Preface
This article will explore ways to develop a simple version of shadowsocks.
Because I'm not very familiar with networks, there may be some errors in it. Please feel free to point out them.
This article is for beginners and may be superficial.
This article only focuses on communications over TCP, not including UDP.
This article requires the basic knowledge of:
- JavaScript
- Node.js
- HTTP
About Buffer
The computer handles binary data at low level, the same as the progress of network transmission.
Node.js offers the Buffer
class to handle binary data. A buffer object is like an array with a byte as an item (usually displayed as hex). Here are some frequently-used operations below (the encoding of chars are not under consideration in the series, UTF-8 by default):
Buffer.from("hello")
Returns <Buffer 68 65 6c 6c 6f>
, and every item is the ASCII code of the char.
Buffer.from([0x00, 0x01, 0x02])
Returns <Buffer 01 02 03>
, and every item is a byte.
-
buffer.slice()
Just like theslice
of arrays, it splits a part of buffer and returns that. -
buffer.toString()
Transform the buffer to string, and every one/multiple bytes represent a char. -
buffer.toJSON()
Transform the buffer to a JSON object, and every item is a decimal number if printed. This is useful when handling blank chars like \r \n because they may not be visible in some logs.
let buf = Buffer.from("hello"); // <Buffer 68 65 6c 6c 6f>
console.log(buf.slice(0, 3).toString()); // "hel"
console.log(buf.toJSON()); // { type: 'Buffer', data: [ 104, 101, 108, 108, 111 ] }
About TCP
As a frontend engineer, we should be very familiar with HTTP. Whether sending HTTP requests or using express
, koa
to develop an HTTP server, we're using HTTP.
But maybe we're not so familiar with TCP. Now I'll introduce how to develop a TCP server and a TCP client in Node.js simply.
Server
// server.js
const net = require('net');
const server = net.createServer((socket) => {
socket.on('data', (data) => {
console.log('data from client:', data);
socket.write('Hello from server.');
});
});
server.listen(4001);
Client
// client.js
const net = require('net');
const socket = net.connect(4001, '127.0.0.1', () => {
socket.write('Hello from client');
});
socket.on('data', (data) => {
console.log('data from server:', data);
});
As shown in the figure, the createServer
method of net
module is actually to create a TCP server. The TCP server and client use a pair of socket to communicate with each other. Socket is a duplex, which is a readable and writeable stream. If call sockatA.write(data)
, socketB
would receive data
.
Let's run node server.js
, and then run node client.js
. The result is below:
According the the introduce of Buffer in last article, we know that server received the message from client: Hello from client
, and sent a message Hello from server
to client, in a way of TPC transmission.
Understanding the relationship between TCP and HTTP
As is known to us, TCP/IP is based on the 4 layers model, and HTTP is at the application layer while TCP is at the transport layer.
HTTP is based on TCP
How to understand the phrase based on
?
Let's build a TCP server:
// server.js
const net = require('net');
const server = net.createServer((socket) => {
socket.on('data', (data) => {
console.log(data.toString());
});
});
server.listen(4001);
Then we we visit localhost:4001
on browser, the console would print logs as below:
The server received a string with an HTTP request message content. In the meanwhile, the browser will be loading status because server does not return any response.

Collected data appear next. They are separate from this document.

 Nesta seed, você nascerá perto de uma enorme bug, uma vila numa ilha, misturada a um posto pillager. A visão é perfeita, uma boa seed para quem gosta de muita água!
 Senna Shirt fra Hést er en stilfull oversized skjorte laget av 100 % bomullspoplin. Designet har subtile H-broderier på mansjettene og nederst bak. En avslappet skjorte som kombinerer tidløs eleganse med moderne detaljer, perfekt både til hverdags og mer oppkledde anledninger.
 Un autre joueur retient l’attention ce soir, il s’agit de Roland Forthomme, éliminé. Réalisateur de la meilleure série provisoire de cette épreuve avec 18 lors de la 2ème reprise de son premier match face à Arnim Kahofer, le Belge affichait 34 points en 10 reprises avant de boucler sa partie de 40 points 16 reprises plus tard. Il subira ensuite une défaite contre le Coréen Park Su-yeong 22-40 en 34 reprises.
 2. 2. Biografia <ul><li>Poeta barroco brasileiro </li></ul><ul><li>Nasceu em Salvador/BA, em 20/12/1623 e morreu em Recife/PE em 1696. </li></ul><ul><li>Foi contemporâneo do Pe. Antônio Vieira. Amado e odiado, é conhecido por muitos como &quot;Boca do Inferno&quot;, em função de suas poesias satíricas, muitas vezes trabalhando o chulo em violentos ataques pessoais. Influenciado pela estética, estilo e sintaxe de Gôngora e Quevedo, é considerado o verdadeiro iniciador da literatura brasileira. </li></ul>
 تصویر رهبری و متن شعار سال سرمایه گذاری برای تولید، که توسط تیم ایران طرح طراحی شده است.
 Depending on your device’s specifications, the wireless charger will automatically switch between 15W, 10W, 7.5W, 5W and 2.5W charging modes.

Let's update server code to return an HTTP response:
// server.js
const net = require('net');
const server = net.createServer((socket) => {
socket.on('data', (data) => {
console.log(data.toString());
const html = `
<!DOCTYPE html>
<html>
<head>
<title>hello</title>
</head>
<body>
<div style="color:skyblue;">hello world</div>
<body
</html>`;
const body = Buffer.from(html); // body is for calculating length
const rawResponse =
'HTTP/1.1 200 OK\r\n' +
'Content-Type: text/html\r\n' +
`Content-Length: ${html.length}\r\n` +
'\r\n\r\n' +
body;
socket.write(rawResponse);
});
});
server.listen(4001);
Now we visit it again:
It shows the html content in response. That's the essence of HTTP: a request has a corresponding response, while they are both text.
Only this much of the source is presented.